耦合有限元物质点法及其在流固耦合问题中的应用

COUPLED FINITE ELEMENT MATERIAL POINT METHOD AND ITS APPLICATION IN FLUID-STRUCTURE INTERACTION

有限元法在求解大变形问题时会遇到网格畸变和时间步长严重减小的问题。物质点法在大变形问题中无网格扭曲问题,且粒子代表了物质流动,无需界面追踪算法。但在小变形问题中,物质点法的精度和效率均低于有限元法。该课题组针对冲击侵彻问题提出的耦合有限元物质点法分别采用有限元法和物质点法模拟小变形和大变形物体,物体间的相互作用通过接触算法实现,既保留了有限元针对小变形问题高精度高效率的特点,又避免了材料大变形给有限元法带来的网格扭曲和时间步长严重减小的问题,还可以自动追踪界面。在流固耦合问题中,固体变形较小而流体变形较大,因此也适合用耦合有限元物质点法求解。该文简要介绍了耦合有限元物质点法的基本原理,并将其应用于流固耦合问题中,取得了较好的效果,表明耦合有限元物质点法是分析流固耦合问题的一种有效的方法。

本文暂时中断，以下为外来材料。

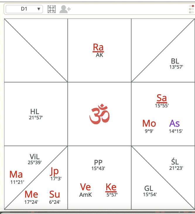Saturn retrograde is extremely strong and demands that Gustav had to try, try and try again to achieve success. It conjoins the Moon in the ascendant and indicates an unfriendly combination; Saturn a (tamasic) planet – arise from ignorance and slow moving with a (sattvic) planet – having a serene, harmonious balanced mind or attitude and fast moving. Therefore, effort was necessary to focus and steady his fluctuating mind at times throughout creative projects. Furthermore, Saturn and Moon are both (maraka) planets – harmful to health, wellbeing and longevity, as they lord the 1st house of Capricorn, 2nd house of Aquarius and 7th house of Cancer. The drinking of alcohol and taking drugs of any kind, would greatly impact Gustav’s mental state and intellectual mind and take health from his body. Maybe, that is why Gustav was teetotal and a vegetarian with spiritual insight to abstain from substances that would, if over consumed, weigh down his body and dull his intellect and musical talent.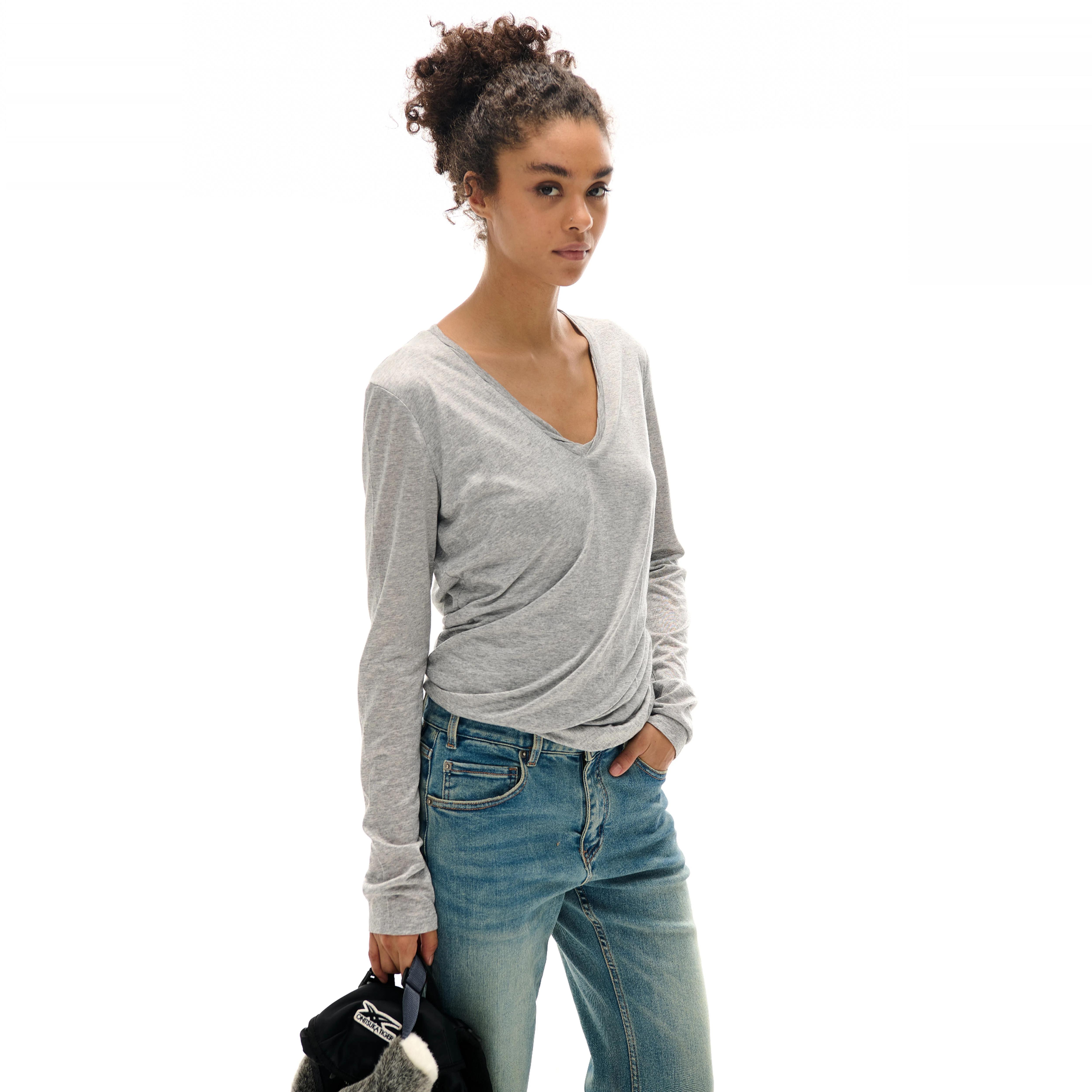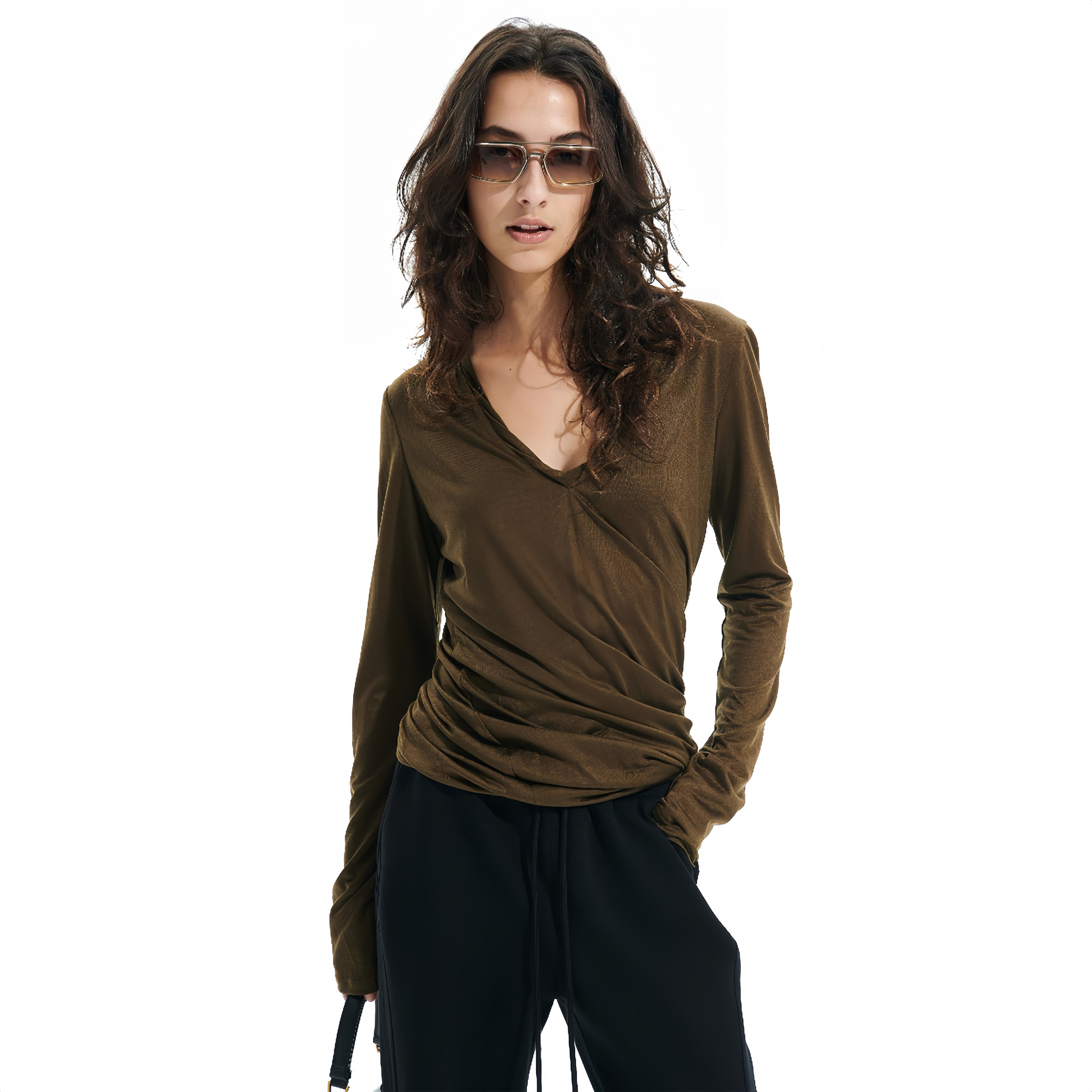 Two little guys* 24秋冬V领堆积感褶皱双层天丝长袖T恤

In large deformation problems, the FEM will encounter mesh distortion and severe time step reduction. On the contrary, the material point method （MPM） does not suffer these difficulties. However, the accuracy and efficiency of the MPM are lower than the FEM in small deformation problems. Recently, a coupled finite element material point method （CFEMP） was proposed by our group to fully take advantages of both the FEM and MPM. In the CFEMP, the FEM and MPM are used to simulate the small and large deformation bodies, respectively. The interaction between two bodies is realized by the contact algorithm. Thus, the high accuracy and efficiency of the FEM is retained, while mesh distortion and severe time step reduction are avoided. The CFEMP is very suitable for the fluid-structure interaction problem, because the structure deforms little but the fluid deforms severely. In this article, the CFEMP is first reviewed briefly and then applied to the fluid-structure interaction problem. The results show that the CFEMP is a powerful tool for modeling fluid-structure interaction problems.